Location:Cebu City, Philippines.
Aiming for:Silver Award
About the Author:I am a student teacher in my final year. I enjoy working through mediums of art, literature and theatre in expressing ideas, both my own and with children in class. I look forward to using my experience in The Philippines to enrich the learning of children in my class.
Being adjoined to the wider world with our wifi back (for how long is unknown), today will be a double blog day!
Yesterday and today have been chaotic in the very best of ways and have provided us with some of the richest and deepest experiences since arriving here over two weeks ago. The Badjao, and indeed the entire Filipino community, seem to be a quiet and shy population so it has taken us this length of time to really get to know them and it has resulted in some in depth and fascinating conversations as well as a lenience towards our presence in their community rituals.
One of these rituals was underway yesterday and all classes and workshops and paintbrushes alike were dropped to join the community in witnessing it. Throngs of people began to swarm about amidst the claps of thunder that have been echoing through our skies for the past 72 hours. Spits of rain did little to dampen the mood which was exciting and electrifying.
The event was a wedding proposal; the initial event of this weekend which will see two young people aged fifteen and twenty be wed within the Badjao tribe. Weddings in this community are a far cry from what we would be familiar with at home. There is no sign of an engagement ring, no reservation in a fancy hotel and no reams of invitations to be sent to people far and near. In fact, it is not even the final decision of bride and groom’s if they shall be married. That decision is made by the elders of the tribe as part of a process of proposal.
Initially, the man’s family will throw a blanket over the girl, laying claim to her which results in big decision having to be made. The man’s family must pay a dowry to the girl’s family and this dowry consists of bread, soft drinks, crafts and about twenty thousand pesos which equals around four hundred euro. This dowry is presented to the girl’s family and a decision is made when the dowry is presented at the proposal.
Seeing this proposal was a treat. There was singing and dancing first in traditional Badjao attire and the ladies of our group were even invited to dance. Men do not dance in the Badjao. Following this, the dowry was paraded to the girl’s house. Here the community’s elders were gathered in a circle on the floor of the tiny house to discuss what I can only guess were terms of the wedding as they spoke only on Badjao. The bride and groom were not present for these discussions. The money was laid on top of the bread in five hundred and one thousand peso notes and eventually, claps and cheers rang out around the house. A wedding is to happen tomorrow, Sunday July 24th. The bread was passed around to the crowd outside as were the bottles of soft drinks which the Badjao only have on special occasions.
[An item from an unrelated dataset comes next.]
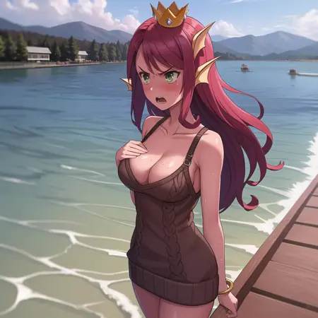 Helpful positives: pink skin, crown, head fins, jewelry, dress

One of the older members handed me a cola and seemed thrilled with our little exchange. He laughed and smiled and thanked ME for being there. I was really quite touched to be included like that as I am only a visitor in their community. It is testament to their welcoming and kind spirit.
A happy occasion this wedding may be but there is a side to it that causes distress and disappointment. The girl is only fifteen years old and is a student in the high school nearby. She has been a student in the Badjao school and the teachers there have put time and effort into educating her in the hope that she will escape the cycle and reach for heights above that of what is the standard for the Badjao community. Her future is now uncertain as more often than not, married couples do not return to school after they have been wed. There was therefore a bittersweet feeling about the wedding; a ‘two steps forward, one step back’ sort of vibe. Perhaps she will return to school; perhaps she will be like many other women here and begin to have children. It is hard to know.
Changing topic, today was our sports day and it could not have been a better day. My efforts to not get burned were futile however as my shoulders are now glowing a light but stinging red. Nevertheless, the laughing, sportsmanship and general air of lighthearted fun made it all worthwhile. These young people do not often get to play on grass, relax under palm trees or indeed play group sports of any kind. Seeing them engaging with us and each other today brought home to me the joy and happiness we’re bringing to these kids. This was verified by a lovely speech the youth council made at the sports day’s close.
Right now, I’m freshly showered and relaxing in the garden. This evening we have a dinner with Redemptorist priests in training so I’m availing of the relaxation time while I can. As we go into our second weekend off, they weekends are becoming more and more welcome as the work during the week intensifies. Saying that, the thought of leaving The Philippines and the Badjao community behind is painful.
Who knows what the future holds but returning here again would be a privilege and a worthwhile venture.